Just as my identity changed, from trying to survive the circumstances coming against me in Chicago, each of our identities changes from just trying to survive.

Even if our childhood was wonderful (and especially if it wasn't), our identity takes on the nature of our circumstances. And without realizing it, over the years we become the people we didn't want to become.

If the reality of what we've become hits us hard enough we cry out:

O wretched man that I am! Who will deliver me from this body of death? (Romans 7:24 NKJV)

Now all should be made right by crying out to Jesus as Savior and as Lord… correct? But it doesn't “appear” to work that way for a lot of people. All may be made right for life after death, but all is not made right in this life now—at least way too many folks don't act like it is.

Why not?

Because of our traditions, we do not teach people about this new identity in Christ. And when the old identity continues to hang around (and it does) then people become frustrated and disillusioned as if their decision for Christ didn't work.

Just because we move into a better neighborhood doesn't make our old identity disappear. Just because we accept Jesus as our Savior and even as our Lord, does not automatically cause that old identity—the person we've become that we didn't want to become—disappear.

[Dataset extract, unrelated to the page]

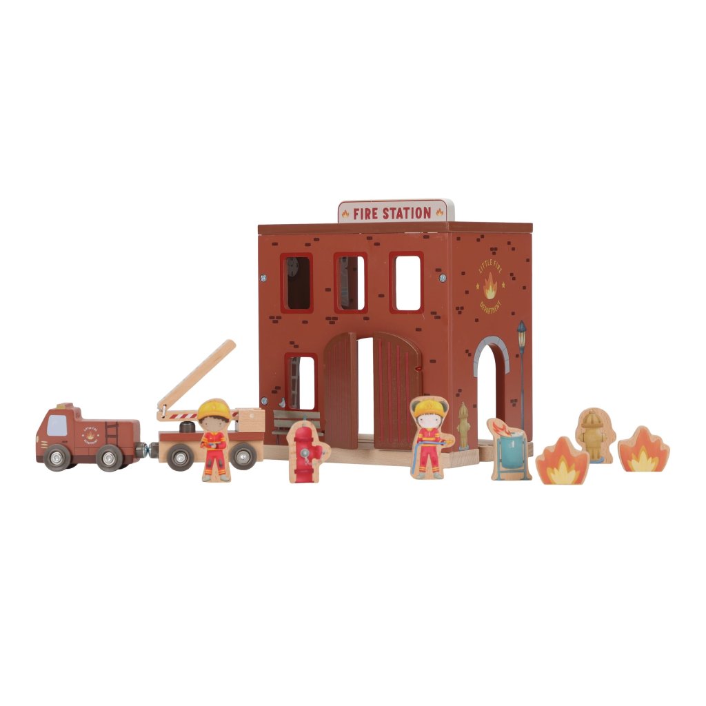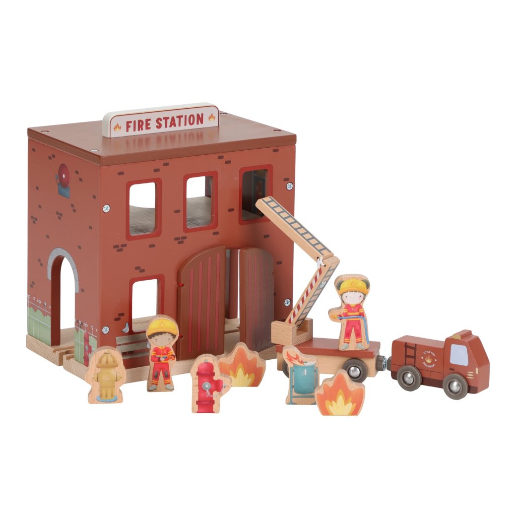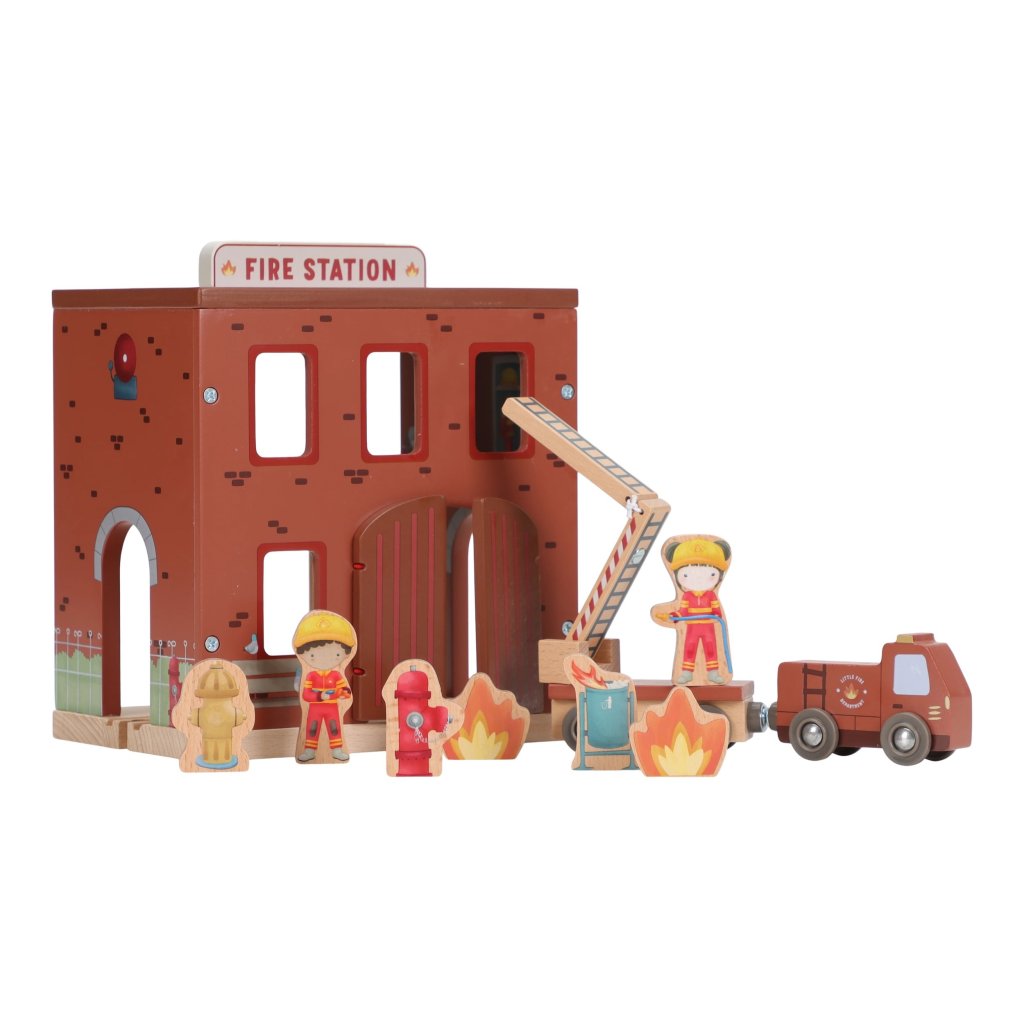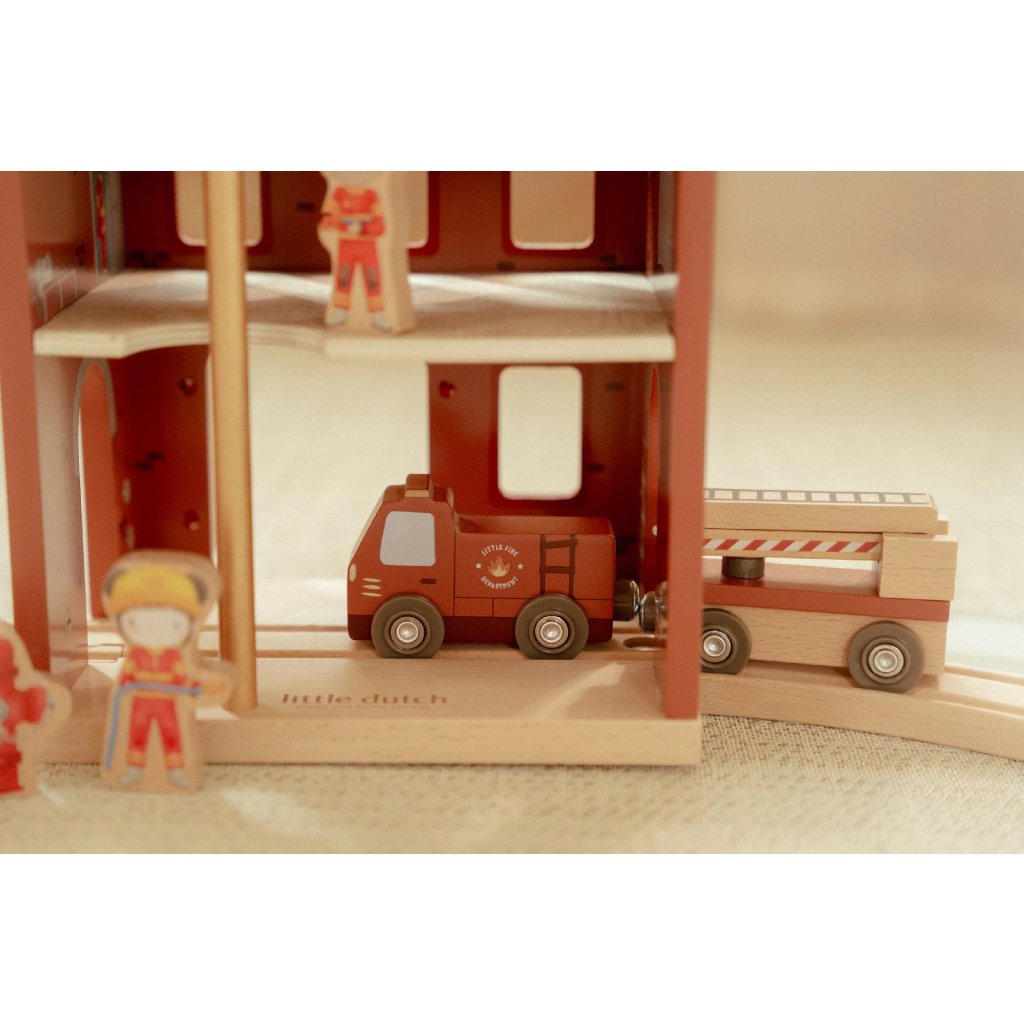 Súčasťou sady sú figúrky hasičov, oheň a horiace popolnice pre realistické hranie. Dvere stanice je možné otvoriť, aby mohol zásah začať čo najrýchlejšie. Hasičská stanica je kompatibilná s drevenou vláčikodráhou Little Dutch, čo umožňuje ešte viac zábavy a kombinácií.

He died for everyone so that those who receive his new life will no longer live for themselves. Instead, they will live for Christ, who died and was raised for them. So we have stopped evaluating others from a human point of view. At one time we thought of Christ merely from a human point of view. How differently we know him now! This means that anyone who belongs to Christ has become a new person. The old life is gone; a new life has begun! (2 Corinthians 5:15–17 NLT)

The key here is that a new life has begun. When we belong to Christ we become a new person. The old life is gone.

But the old life does not leave automatically, or even peacefully.

The old life is gone only if we are intentional about wanting it gone. And we are intentional about wanting it gone when we are focused on getting to know everything there is to know about our new identity—so focused that we quit feeding the old one.

But this has to be a deliberate, intentional effort. It is not natural and it is not automatic. It is, however, possible.

The Lord stands ready to help us discover and experience our new identity in Him.